5. System according to one of the preceding claims, characterized in that it comprises at least one reference sensor (25) for said sensor (13; 24; 35, 36; 42; 64; 74a, 74b; 84; 97), said reference sensor (25) and said sensor (13; 24; 35, 36; 42; 64; 74a, 74b; 84; 97) comprising respective gas sensitive structures (23; 103) being isolated from each other.

6. System according to claim 5, characterized in that said reference sensor (25) and said sensor (13; 24; 35, 36; 42; 64; 74a, 74b; 84; 97) are in contact for temperature exchange.

7. System according to one of the preceding claims, characterized in that it comprises a closed or tight housing (12; 33; 43), in particular a battery housing in which a gas sensor (13; 24, 25; 35, 36; 42; 64; 74a, 74b; 84; 97) is arranged.

8. System according to claim 7, characterized in that it comprises a further closed or tight housing (12; 33; 43) in which a further gas sensor (13; 24, 25; 35, 36; 42; 64; 74a, 74b; 84; 97) is arranged.

9. System according to claim 8, characterized in that one sensor (13; 24, 25; 35, 36; 42; 64; 74a, 74b; 84; 97) arranged in said housing (12; 33; 43) is a reference sensor for the gas sensor (13; 24, 25; 35, 36; 42; 64; 74a, 74b; 84; 97) in said further housing (12; 33; 43).

10. System according to one of the preceding claims, characterized in that it comprises a funnel (52; 62; 72; 82) for collecting volatile chemicals from a defective battery (11; 34; 41; 51; 61; 71; 81; 92), a sensor chamber housing said sensor (13; 24, 25; 35, 36; 42; 64; 74a, 74b; 84; 97), a pump (53; 65; 75; 94) for pumping air to and/or drawing air past said sensor (13; 24, 25; 35, 36; 42; 64; 74a, 74b; 84; 97), and/or a pre-concentrator unit (63; 73; 83; 95) connected to each other.

11. System according to one of the preceding claims characterized in that it comprises a means for conveying batteries (11; 34; 41; 51; 61; 71; 81; 92) to and from a test location provided in the system and/or a means for automatically sorting out defective batteries (11; 34; 41; 51; 61; 71; 81; 92).

12. Electrical equipment comprising a system according to one of claims 1 to 11.

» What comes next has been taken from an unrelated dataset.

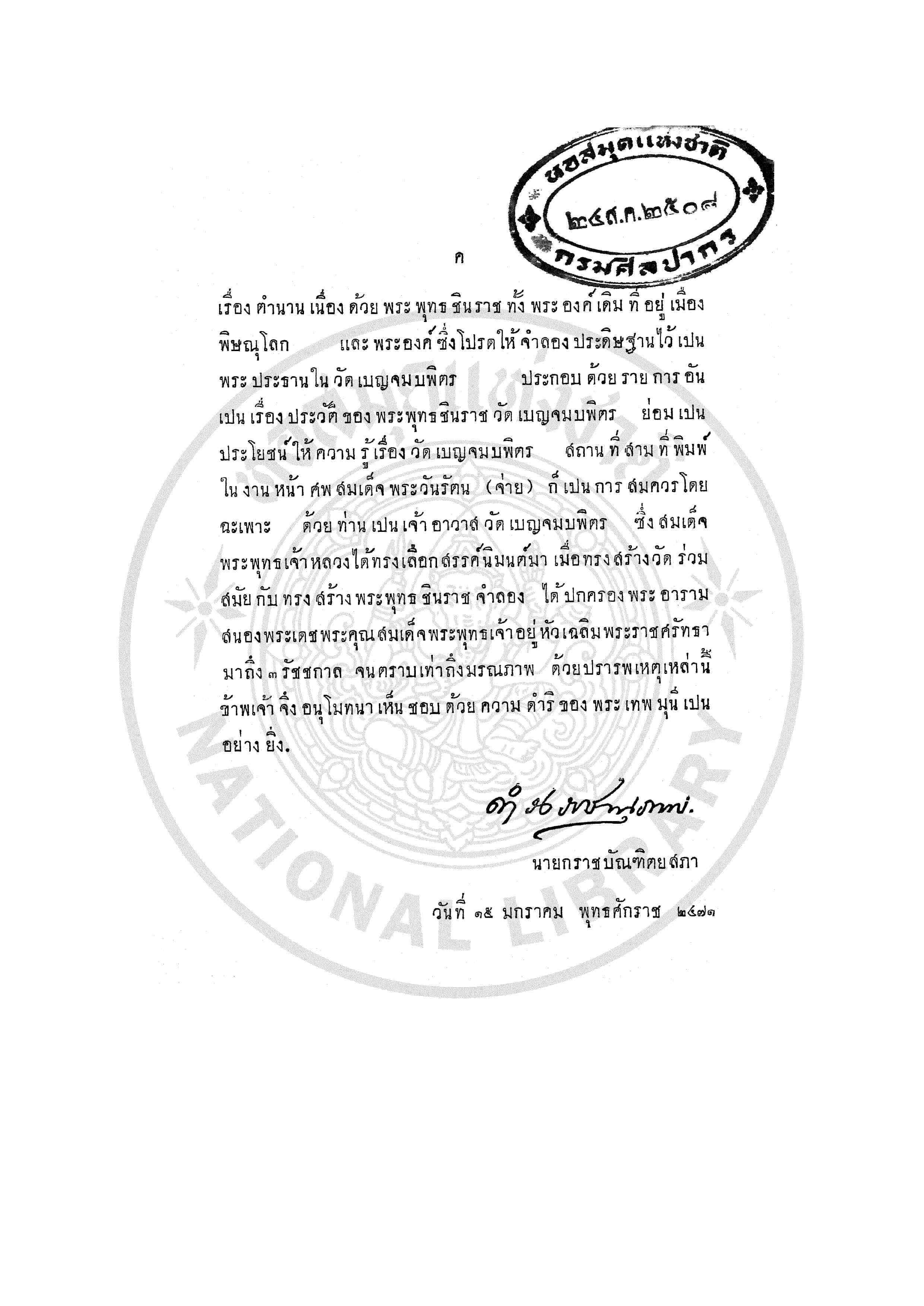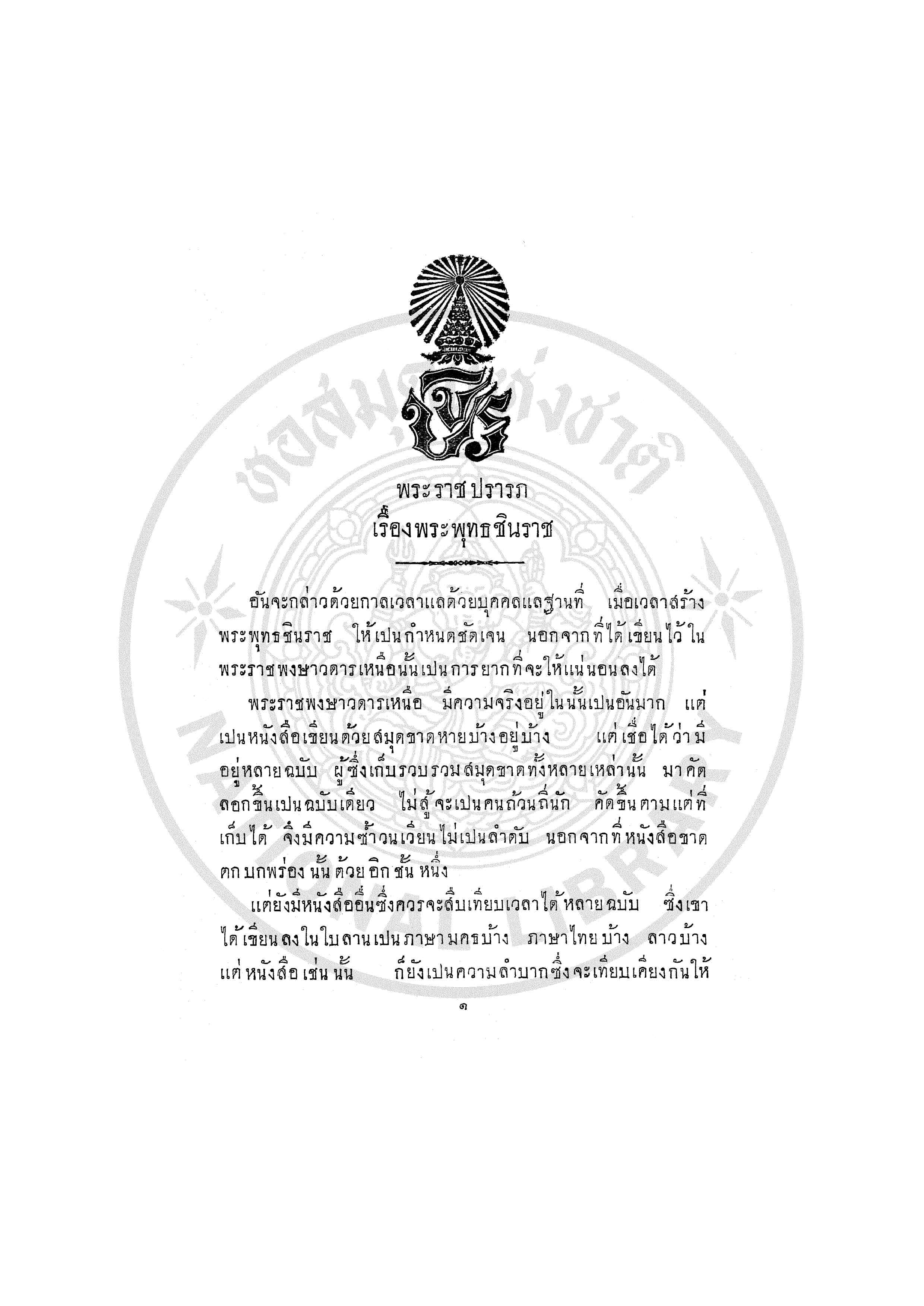 - พระราชปรารภ เรื่อง พระพุทธชินราช

13. Method for detecting a leakage of a battery (11; 34; 41; 51; 61; 71; 81; 92) comprising the steps of: providing a gas sensor (13; 24, 25; 35, 36; 42; 64; 74a, 74b; 84; 97) having a gas sensitive nanoparticle structure (23; 103) close to a battery (11; 34; 41; 51; 61; 71; 81; 92);detecting analyte induced changes of the electrical conductance, capacitance, inductance, dielectric permittivity, polarization, impedance, heat capacity or temperature in said gas sensor (13; 24, 25; 35, 36; 42; 64; 74a, 74b; 84; 97) indicating a defective battery (11; 34; 41; 51; 61; 71; 81; 92).

14. Method according to claim 13, characterized by the further steps of: providing a pre-concentrator unit (63; 73; 83; 95) in front of said gas sensor (13; 24, 25; 35, 36; 42; 64; 74a, 74b; 84; 97);bringing volatile chemicals from a defective battery (11; 34; 41; 51; 61; 71; 81; 92) in contact with said pre-concentrator unit (63; 73; 83; 95);applying a heat pulse to said pre-concentrator unit (63; 73; 83; 95) for desorbing volatile chemical compounds adsorbed to said pre-concentrator unit (63; 73; 83; 95);bringing said desorbed volatile chemical compounds in contact with said gas sensor (13; 24, 25; 35, 36; 42; 64; 74a, 74b; 84; 97).

15. Method according to claim 13 or 14, characterized by the further step of triggering an optical, acoustical and/or data signal in case an analyte induced change of the electrical conductance, capacitance, inductance, dielectric permittivity, polarization, impedance, heat capacity or temperature in said gas sensor (13; 24, 25; 35, 36; 42; 64; 74a, 74b; 84; 97) is detected.

16. Method according to one of preceding claims, characterized by the further step of automatically sorting out said defective battery (11; 34; 41; 51; 61; 71; 81; 92).